There was one among them whom Leam longed yet dreaded to meet. This was Alick Corfield. She wondered what he knew, or rather what he suspected, and she was anxious to have her ordeal over. But though Mrs. Corfield came, and was just the same as ever, bustling, inquisitive, dogmatic, before ten minutes were over having put the girl through her scholastic facings and got from her the whole of her curriculum, yet Alick did not appear. He waited until after Sunday, when he should see her first in church, and so nerve himself as it were behind the barrier of his sacred office; but after Sunday had passed and he had seen her in her old place, he called; and found her alone.

When they met, and she looked into his face and laid her hand in his, she knew all.

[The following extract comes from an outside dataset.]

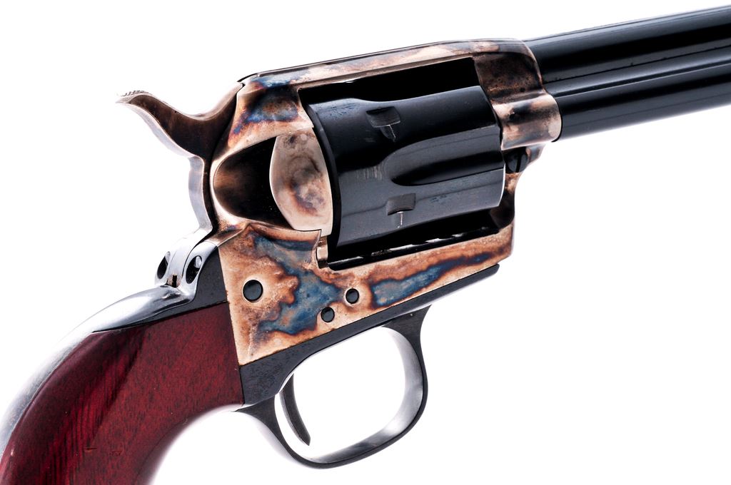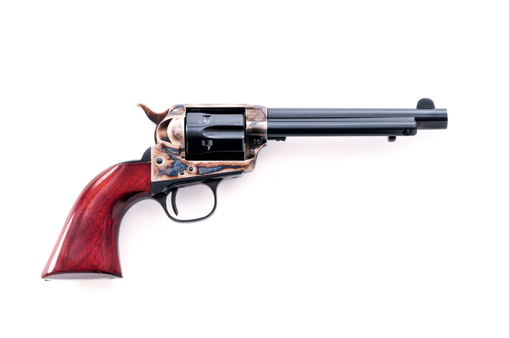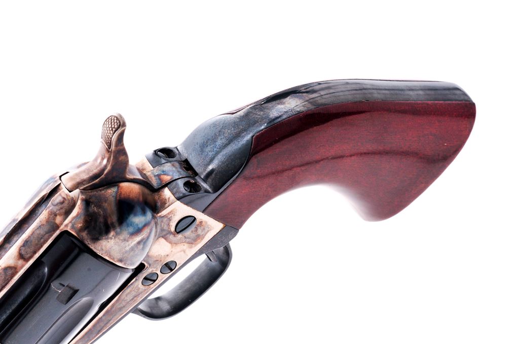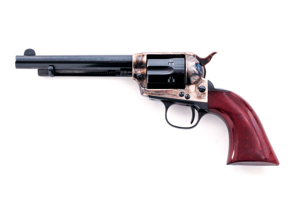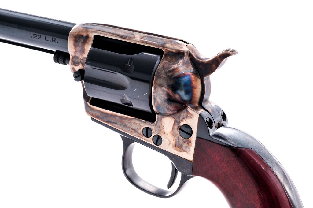 Uberti 1873 Cattleman Single Action Revolver, #J46164, .22 LR cal., 5.5'' barrel, blue and case hardened finish, smooth wood grips, with standard fixed sights. Approx. 98% blue and case colors remain and this revolver rates as excellent. Cylinder with light scratching but appears to have been turned very little. Grips show light impressions and handling marks, mainly to the right grip; nearly all of the varnish remains. Action is smooth and crisp, with a bright and shiny bore. Est.: $200-$350. (Modern/PPT)

He shared her secret, and knew what she had done. It was not that he was either distant or familiar, cold or disrespectful, or anything but glad and reverent; nevertheless, he knew. He was no longer the boy adorer, her slave, her dog; he was her friend, and he wished to make her feel that she was safe with him-known, in his power, but safe.

"You are changed," he said awkwardly.

He thought of her as Leam, heard her always called Leam, but he dared not use the familiar name; and yet she was not "Miss Dundas" to him.

"It is four years since you saw me," she said with a grave smile. "It was time to change."

"But you are your old self too," he returned eagerly. He would have no disloyalty done to the queen of his boyish dreams; what worm soever was at its root, his royal pomegranate flower should be always set fair in the sun where he might be.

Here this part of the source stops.